Decidi várias vezes, então, que iria trabalhar fora, que iria abandonar o combinado. Que eu não poderia mais ficar em casa, que eu tinha que ajudar financeiramente - essa parte é a mais difícil. O ego e o orgulho começam a conversar... Poucas não foram as discussões sobre o assunto, mas a imagem que sempre fiz ao final de cada uma delas é mais ou menos assim: eu em pé, uma porta aberta reluzente diante de mim; seguro uma trouxinha (de orgulho) e olho para trás, onde estão o Acklei, a casa, os gatos. E então desisto. Porque se já era difícil comigo em casa, nem quero imaginar se eu não estivesse. Afinal, eu já tinha aprendido que eu era um pilar e o Acklei outro. Nada nunca vai ser mais importante que minha família.

Então eu tava em casa sempre e o Acklei quase nunca. Sorte a minha que sou muito boa com solidão e aprecio minha própria companhia. Isso, lógico, não quer dizer que não sentia falta do meu marido e dos dias quando nossa vida era... normal. Apenas me conformei; isso tinha data pra acabar (e acabou)! Não posso deixar de falar do esforço quase sobrenatural [dele] em me dedicar atenção nos seus curtos períodos livres, em sacudir a poeira e me levar pra jantar, ou ao cinema, ou dar uma volta por onde eu quisesse. Fosses um herói, babe. Gosto de lembrar que transformamos toda pizza em eventos importantes, todo sanduíche em celebração.

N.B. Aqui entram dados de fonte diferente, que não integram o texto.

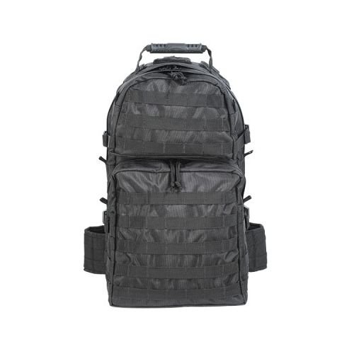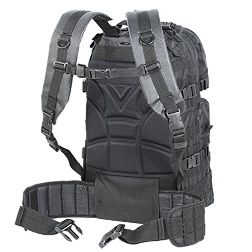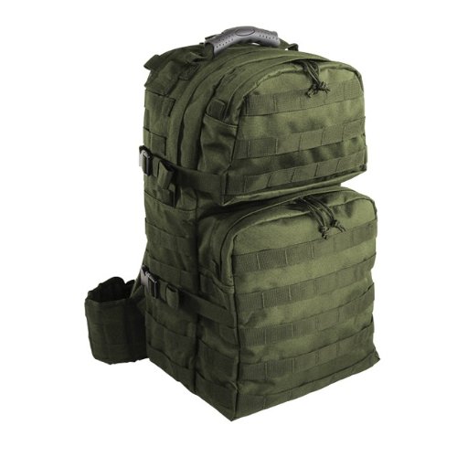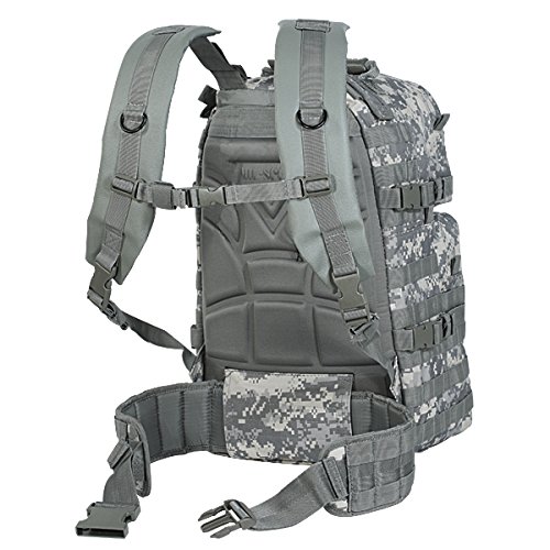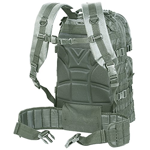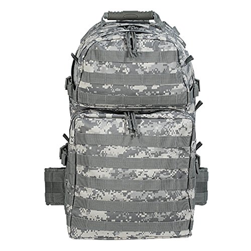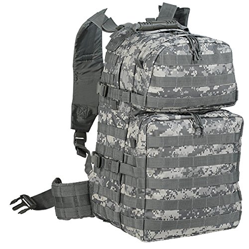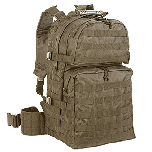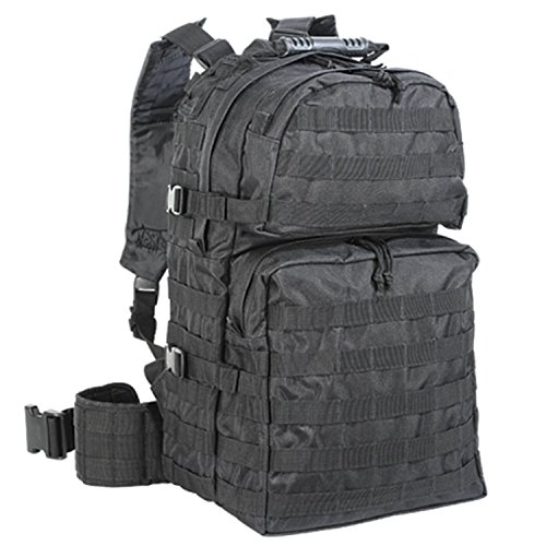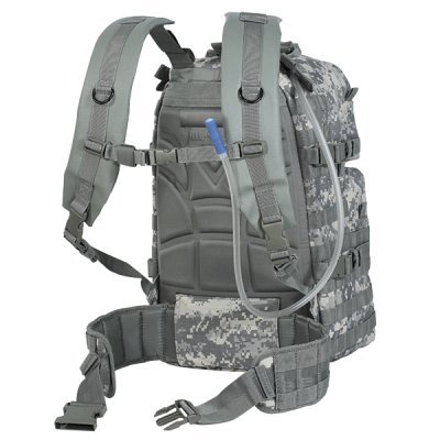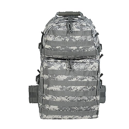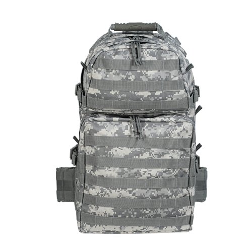 Studio : Voodoo Tactical Publisher : Voodoo Tactical Product Description This MOLLE compatible pack splits the difference between our small assault pack and our larger Tobago bag, providing a good deal of carrying capacity in a straight-forward, comfortable design that maximizes the available volume. At 19" x 15" x 8" with two main compartments and two large pockets, this pack is plenty big enough for most activities in the field. But if you need to haul more gear, you will find it is covered with MOLLE webbing attachment points, or PALs, so that you can add more pouches. It even has them on the bottom so you can attach bedding. The waist belt provides even more attachment points and is perfect for hanging a first aid kit, magazine or other pouches. As you would expect, it has a built in compartment for your hydration bladder (sold separately) and your choice of three hose exit positions. It has a heavy duty rubber drag handle and the back is compression molded and contoured for the maximum comfort against your back. The wide straps are cushioned and offer additional attachment points. Other features include d-rings, removable padded kidney belt with quick release buckle, and fully adjustable contoured shoulder straps. This listing is for the camo pack. T 0
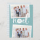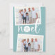 La tarjeta de vacaciones de estilo costero de moda añade un toque de playa a tus saludos navideños. Perfecto para compartir fotos de vacaciones, o para familias que viven en lugares costeros, tropicales, cálidos o isleños, este desenfadado diseño cuenta con dos fotos favoritas sobre un polvoriento fondo verde azulado con "noel" en el centro. Un dólar de arena reemplaza la letra "o" por un toque costero adorable. Añada el mensaje de vacaciones de su personalizado y sus nombres o apellidos, junto con un mensaje de foto y personalizado adicional en la parte posterior.

A essa altura eu já tinha perdido o medo de São Paulo, do metrô, das pessoas, de dirigir. Aos poucos fui abandonando o GPS e passei a usar maquiagem sempre. Comecei (e terminei) minha [segunda] pós-graduação, fiz amizades (além dos queridos conhecidos através da residência), fiz novos planos, fiz todos os cursos (na minha área profissional) que nosso planejamento permitiu. Mas as coisas continuavam difíceis... porque elas eram.

Agora estou a 11 dias de voltar para Floripa. Escrevi um texto porque essa cidade onde ainda moro mexeu profundamente no meu eu. Well, sei que não foi ela. Mas se mexe comigo, tenho que pôr pra fora, não é o que sempre disse a vida inteira? Sinto-me bem mais heroína que um big brother do Bial (só pra explicar: não acho nenhum bbbosta herói). Faço parte da mobília da minha casa, sei onde se encontram todos os pequenos papéis. Sei olhar pro meu marido e identificar em cada fio de cabelo branco (hihihi) o tamanho de seus esforços. Sei olhar pra mim mesma com respeito por tudo até aqui. Companheirismo, braço forte e compreensão não faltaram para dissipar os momentos difíceis. A residência [médica] foi mais minha do que poderia imaginar porque ela passou a fazer parte dos meus dias, invadindo minha casa, minha vida e levando meu marido, como uma amante atrevida. E não se tinha o que fazer. Stuck in a moment, you know? Na minha trouxinha agora trago minha casa e meu céu. O orgulho não me atormenta mais.

E suja de lama volto, feliz pelo bom combate.